We hear about financial institutions conducting stress tests to assure they have the needed capital and processes in place to weather another crisis in the global financial community. How many organizations test their operational business processes to assure they can withstand serious stress?
Delta Air Lines is probably wishing it had stress tested its staffing procedures prior to last month’s severe weather that forced the cancellation or delay of thousands of flights. The weather events that led to the crippling of Delta’s crew-scheduling system were not “black swan” type occurrences, but it was unusual that there were three back-to-back-to-back severe storms that had a cascading impact on the airline’s ability to keep up with crew-schedule changes and to communicate with crew members about revised assignments.
Which of your key business processes are exposed?
Delta experienced a breakdown in one its most vital business processes—crew scheduling. Could your organization experience something similar to one or more of its key processes? A good time to ask that question is once the annual review of your enterprise risk management process is completed for the year.
Chances are, your organization already has in place an assessment process to review the effectiveness of the mitigation procedures to address individual risks; however, you’ll probably want to examine whether your ERM program can address interrelated risks or a rolling threat such as moving weather fronts like the ones that hit Delta so hard.
Weather is not the only example of the potentially calamitous, cumulative impact of risks. Another example is the impact on supply chain of a single event or series of events, particularly for parts of your supply chain that are n-levels down the chain. Civil unrest or a labor dispute that impacts multiple nodes of your supply chain, or a shipping interruption from/to a major port, can cascade throughout your organization.

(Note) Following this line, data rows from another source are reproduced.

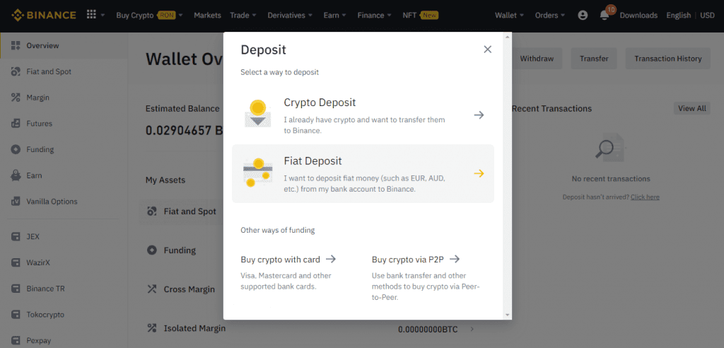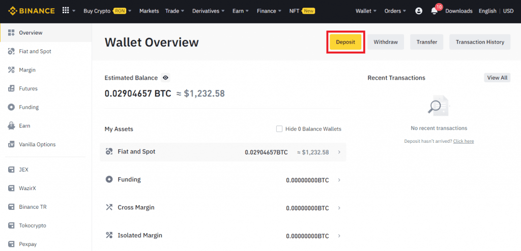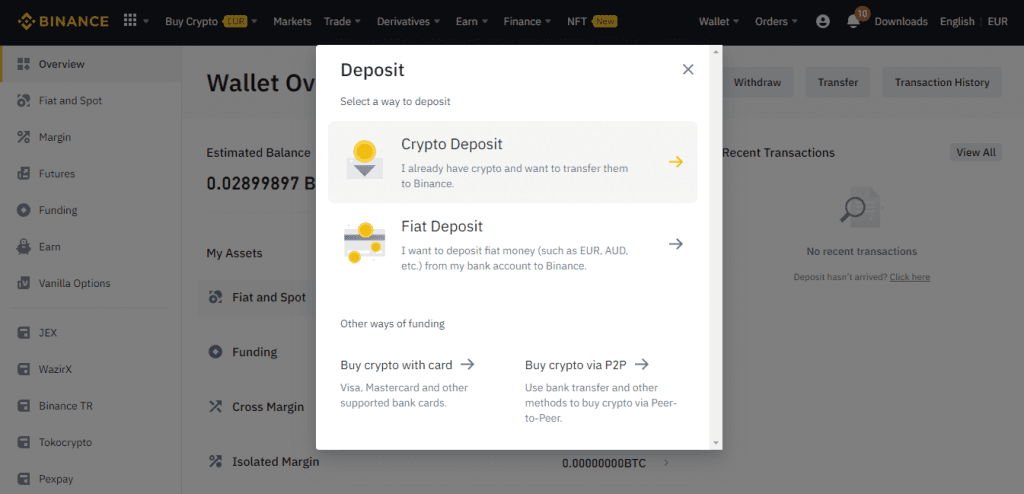 Din meniul de sus – dreapta, apasă pe „Wallet” și selectează „Overview”. De aici alege „Crypto Deposit”: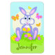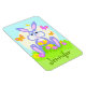 Un joli lapin de dessin animé avec des amis papillons brillants et des fleurs colorées. Vous pouvez personnaliser cet aimant avec le nom de votre enfant ou tout autre texte comme vous le souhaitez. Utilisez la fonction "personnaliser" pour modifier la taille, la couleur ou le style de la police si vous le souhaitez. Bonne journée !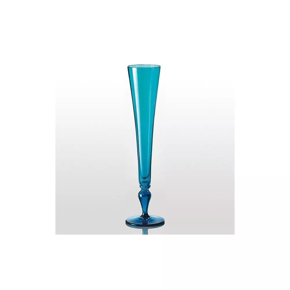 Excess Flute - Hand-blown Murano Glass - NasonMoretti Height 29 cm - Diameter 6 cm The Excess flutes grows upright as colored blubells. They can be protagonist of a playful happy hour with friends or brighten up a simple and elegant table, thanks to the twelve shades in which they are proposed.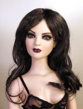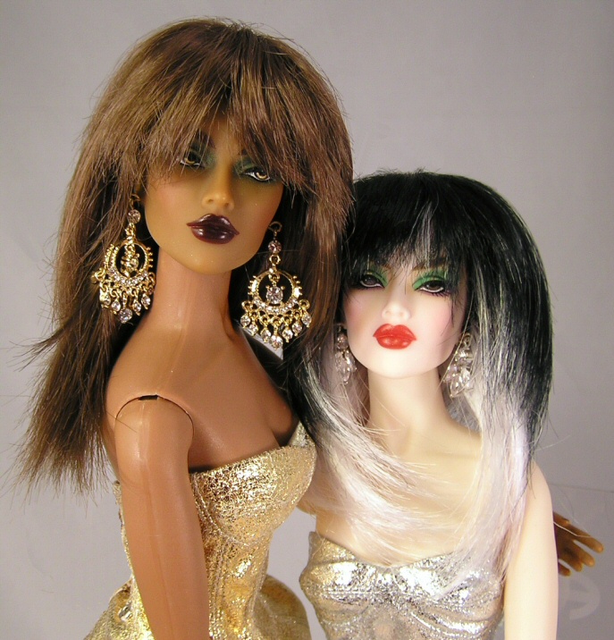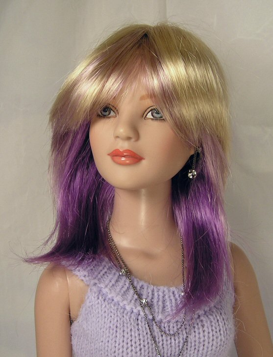 Blonde/Purple modeled by Tonner American Model Size 5/6 Chestnut Brown/Brown Black (not available) and Black/Snow White modeled by 16" AvantGuard dolls |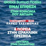 Η Γάζα βρίσκεται εδώ και δύο χρόνια υπό συνθήκες γενοκτονίας: δεκάδες χιλιάδες νεκροί, ισοπεδωμένες πόλεις, κατεστραμμένα νοσοκομεία και μαζικός λιμός. Το Ισραήλ στοχοποιεί αμάχους, δημοσιογράφους αλλά και κάθε μορφή διεθνούς αλληλεγγύης που επιχειρεί να τους στηρίξει».
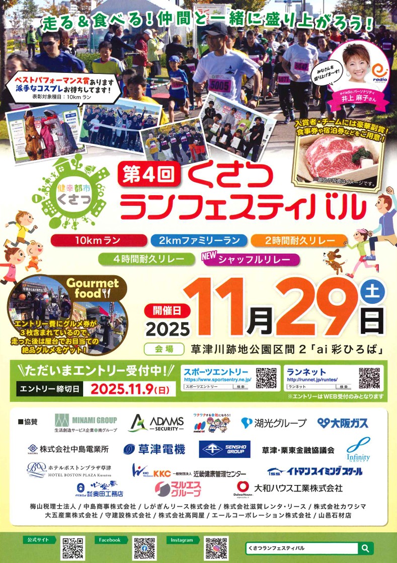 11月29日(土)に草津川跡地公園区間2「ai彩ひろば」で開催されます『くさつランフェスティバル』にて、凍らせてシャーベットを販売することになりましたので、お知らせします。

How to execute a basic stress test
To execute a simple stress test, you should first validate the risk matrix and identify the interrelatedness of each risk so that you can identify the potential for cascading or exacerbated events. Once the cross-risk relationships are captured, often in a desktop exercise, you then simulate the triggering of one risk after another to evaluate the impacts.
In one experience, we conducted this exercise on a monthly basis using scripted scenarios, adding new risk impacts as the exercise went along. This approach added a “game” atmosphere to each exercise; it also allowed us to include changes in company operations or structure to the scenarios, as well as near-real time social events, adding an element of real life to the exercise.
Conducting stress tests of your key business processes is a chance to review your ERM process and to learn from the Delta experience.